::: Dataset section :::
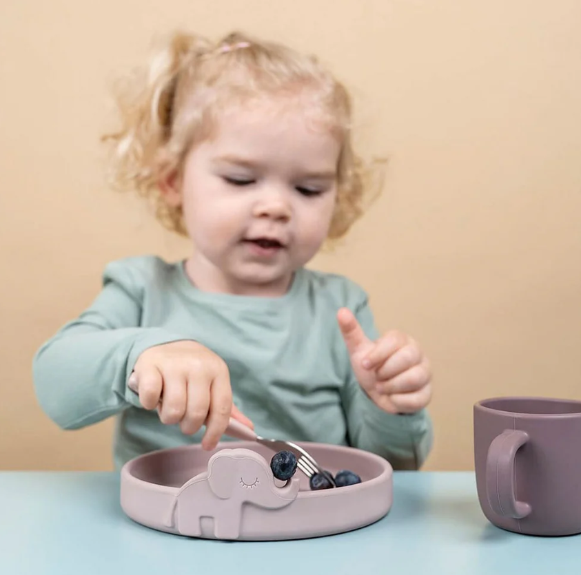 Los más pequeños disfrutarán con estos simpáticos animales a la hora de comer; podrán descubrir a Croco en el fondo de su taza cuando beban y Elphee estará asomado en el plato de comida.
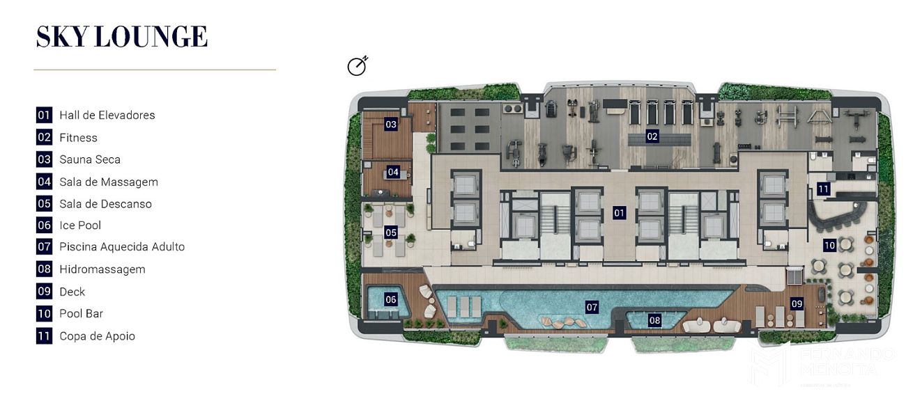 O lazer é um capítulo à parte: bosque privativo com dog park, piscina semiolímpica com borda infinita, beach tennis, spa completo, sky lounge com vista 360° e uma estrutura de amenities digna de hotéis de luxo. Tudo isso integrado a um bairro planejado com shopping center, centros médicos, educação, áreas verdes e futuras conexões viárias e de transporte público.
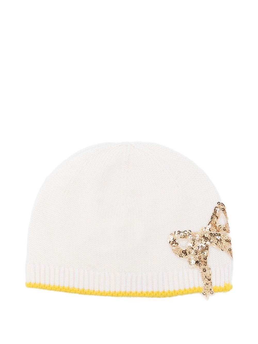 The Gensami Kids baby girl's hat in white with yellow trim is available on the RubinoKids.com online store. Made of 100% wool, it features a white bow and a ribbed hem. Available in various sizes, it is part of the Gensami Kids Fall/Winter 2025 collection and is available for 24-48 hour delivery in Italy.
:::
- **What you are asked to do**
Reproduce the data above word for word from its first line through the line that holds "O lazer é um", both ends included; skip pictures.

- **Response to this exercise**
 Los más pequeños disfrutarán con estos simpáticos animales a la hora de comer; podrán descubrir a Croco en el fondo de su taza cuando beban y Elphee estará asomado en el plato de comida.
 O lazer é um capítulo à parte: bosque privativo com dog park, piscina semiolímpica com borda infinita, beach tennis, spa completo, sky lounge com vista 360° e uma estrutura de amenities digna de hotéis de luxo. Tudo isso integrado a um bairro planejado com shopping center, centros médicos, educação, áreas verdes e futuras conexões viárias e de transporte público.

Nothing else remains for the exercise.